» **Exercise data**:
BEGIN

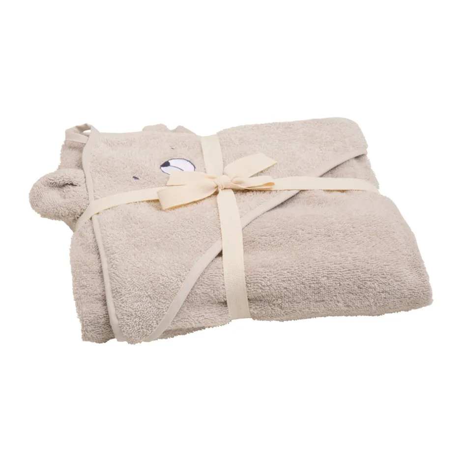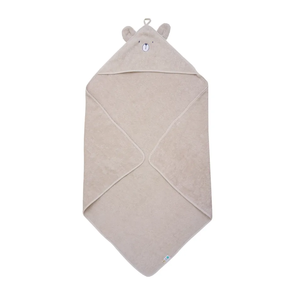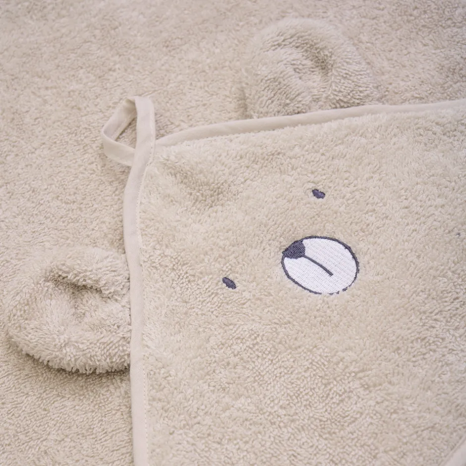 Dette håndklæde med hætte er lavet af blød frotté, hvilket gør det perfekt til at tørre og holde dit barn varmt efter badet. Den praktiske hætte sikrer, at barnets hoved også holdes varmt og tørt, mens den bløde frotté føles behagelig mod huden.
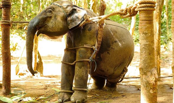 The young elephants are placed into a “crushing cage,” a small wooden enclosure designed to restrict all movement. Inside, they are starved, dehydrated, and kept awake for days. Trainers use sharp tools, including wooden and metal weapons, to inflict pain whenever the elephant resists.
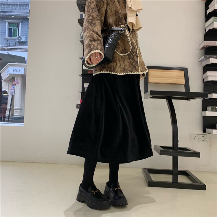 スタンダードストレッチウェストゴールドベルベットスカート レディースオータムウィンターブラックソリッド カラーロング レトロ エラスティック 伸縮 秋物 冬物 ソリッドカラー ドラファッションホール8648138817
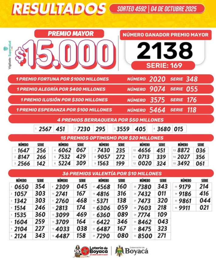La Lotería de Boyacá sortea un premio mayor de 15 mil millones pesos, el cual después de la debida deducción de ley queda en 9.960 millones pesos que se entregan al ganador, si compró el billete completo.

END
BEGIN

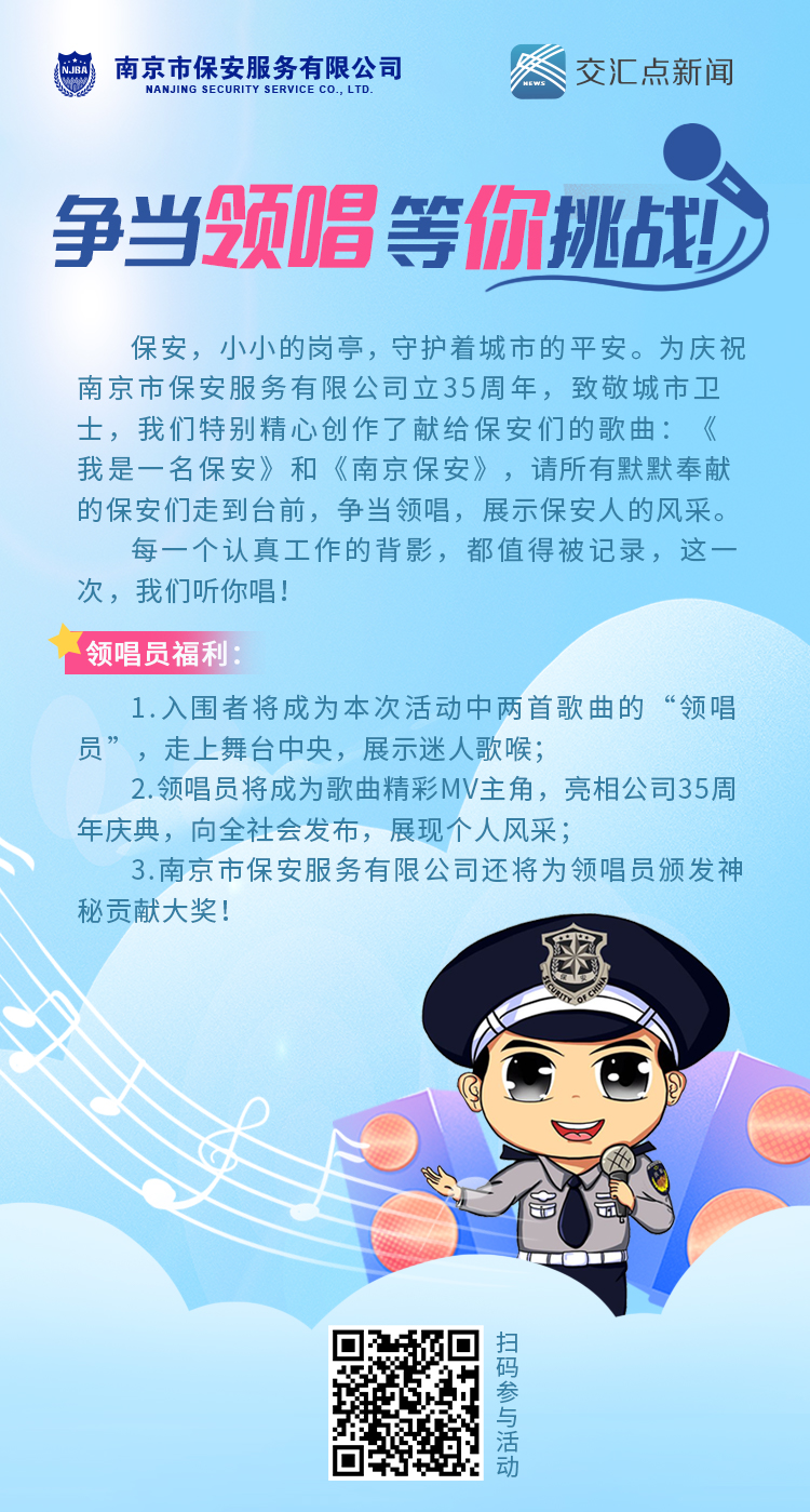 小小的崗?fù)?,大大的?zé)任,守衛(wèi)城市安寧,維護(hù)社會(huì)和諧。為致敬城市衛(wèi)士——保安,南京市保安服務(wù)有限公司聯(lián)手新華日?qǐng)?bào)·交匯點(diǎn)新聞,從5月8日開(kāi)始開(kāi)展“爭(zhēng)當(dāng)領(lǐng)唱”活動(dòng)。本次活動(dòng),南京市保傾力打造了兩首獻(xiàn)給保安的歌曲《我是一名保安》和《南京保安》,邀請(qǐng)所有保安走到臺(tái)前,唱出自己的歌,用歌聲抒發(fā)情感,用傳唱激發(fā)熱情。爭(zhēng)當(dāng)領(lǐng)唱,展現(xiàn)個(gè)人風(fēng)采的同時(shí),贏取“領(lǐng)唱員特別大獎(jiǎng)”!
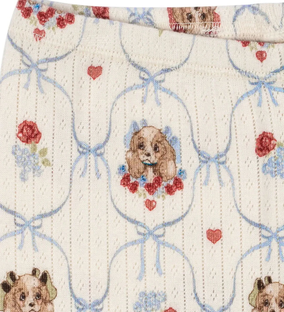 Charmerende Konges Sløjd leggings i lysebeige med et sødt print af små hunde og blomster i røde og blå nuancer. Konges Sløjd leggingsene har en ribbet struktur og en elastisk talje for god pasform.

END

» **Exercise**: Above is the material; set down exactly its lines from the one containing "The young elephants" down to the one containing "La Lotería de", both included, leaving out any pictures.

» **Result**:
 The young elephants are placed into a “crushing cage,” a small wooden enclosure designed to restrict all movement. Inside, they are starved, dehydrated, and kept awake for days. Trainers use sharp tools, including wooden and metal weapons, to inflict pain whenever the elephant resists.
 スタンダードストレッチウェストゴールドベルベットスカート レディースオータムウィンターブラックソリッド カラーロング レトロ エラスティック 伸縮 秋物 冬物 ソリッドカラー ドラファッションホール8648138817
La Lotería de Boyacá sortea un premio mayor de 15 mil millones pesos, el cual después de la debida deducción de ley queda en 9.960 millones pesos que se entregan al ganador, si compró el billete completo.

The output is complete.